**Assigned task:**
Give again only the lines from the line that holds "Leggevo che lo" to the end of the data, inclusive, omitting all pictures.

**Data shown:**
* * * * * * * * *
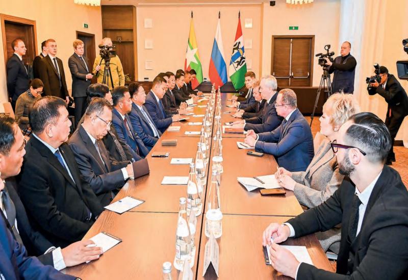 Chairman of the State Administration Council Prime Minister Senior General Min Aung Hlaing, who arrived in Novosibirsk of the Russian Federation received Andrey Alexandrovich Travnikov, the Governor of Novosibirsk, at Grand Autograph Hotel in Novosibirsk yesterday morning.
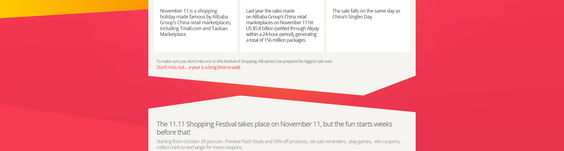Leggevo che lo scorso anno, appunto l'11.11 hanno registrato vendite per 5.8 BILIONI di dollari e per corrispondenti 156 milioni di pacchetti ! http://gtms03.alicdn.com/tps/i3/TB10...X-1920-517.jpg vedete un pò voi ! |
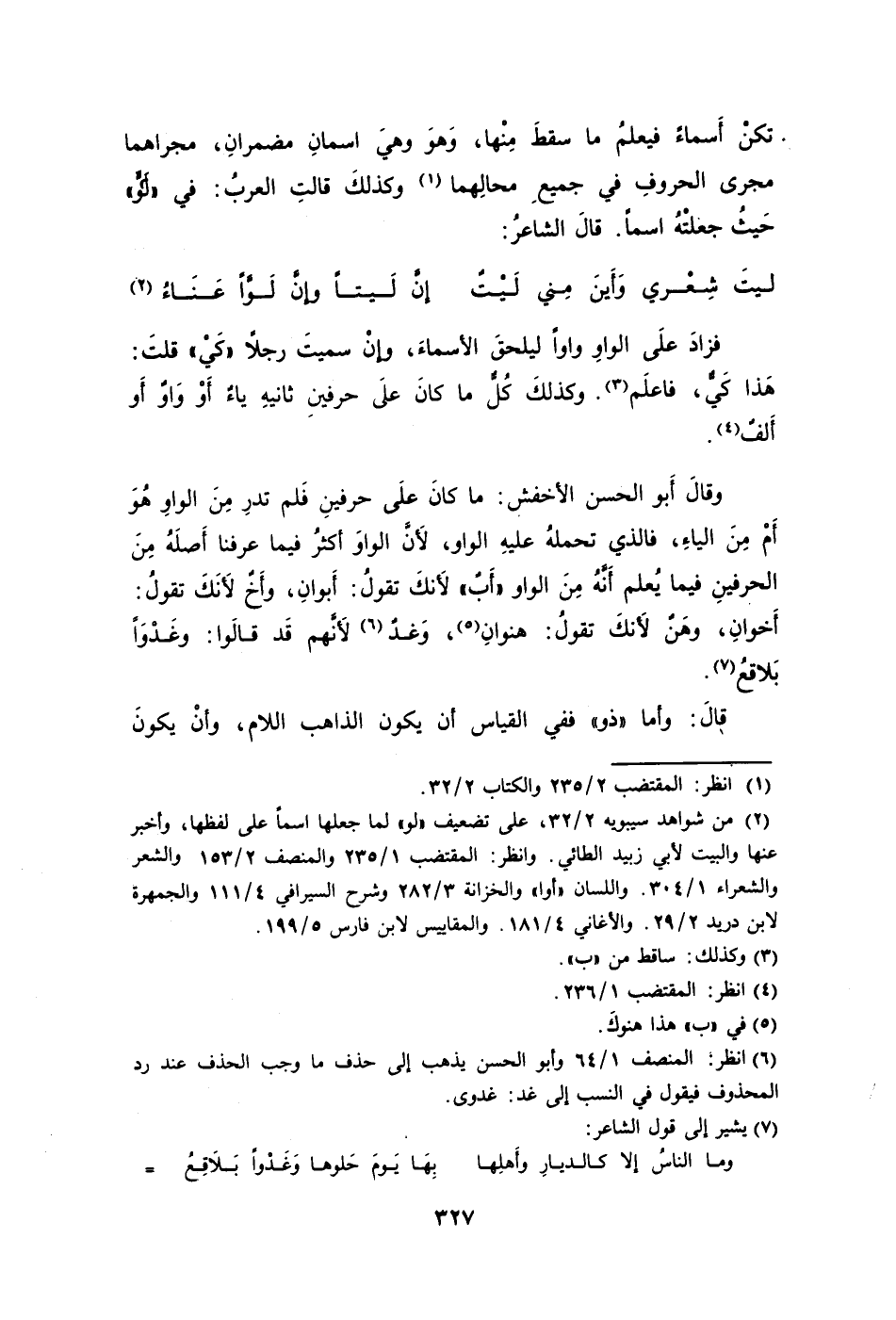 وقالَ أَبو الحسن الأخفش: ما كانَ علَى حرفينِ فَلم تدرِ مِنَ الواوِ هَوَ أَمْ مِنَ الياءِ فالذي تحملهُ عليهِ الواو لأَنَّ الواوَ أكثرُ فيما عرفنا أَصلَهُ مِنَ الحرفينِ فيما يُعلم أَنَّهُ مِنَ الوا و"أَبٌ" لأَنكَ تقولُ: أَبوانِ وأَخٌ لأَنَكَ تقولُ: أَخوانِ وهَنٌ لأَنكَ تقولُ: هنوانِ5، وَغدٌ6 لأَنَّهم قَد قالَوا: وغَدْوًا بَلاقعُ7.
* * * * * * * * *
**Result of this exercise:**
Leggevo che lo scorso anno, appunto l'11.11 hanno registrato vendite per 5.8 BILIONI di dollari e per corrispondenti 156 milioni di pacchetti ! http://gtms03.alicdn.com/tps/i3/TB10...X-1920-517.jpg vedete un pò voi ! |
 وقالَ أَبو الحسن الأخفش: ما كانَ علَى حرفينِ فَلم تدرِ مِنَ الواوِ هَوَ أَمْ مِنَ الياءِ فالذي تحملهُ عليهِ الواو لأَنَّ الواوَ أكثرُ فيما عرفنا أَصلَهُ مِنَ الحرفينِ فيما يُعلم أَنَّهُ مِنَ الوا و"أَبٌ" لأَنكَ تقولُ: أَبوانِ وأَخٌ لأَنَكَ تقولُ: أَخوانِ وهَنٌ لأَنكَ تقولُ: هنوانِ5، وَغدٌ6 لأَنَّهم قَد قالَوا: وغَدْوًا بَلاقعُ7.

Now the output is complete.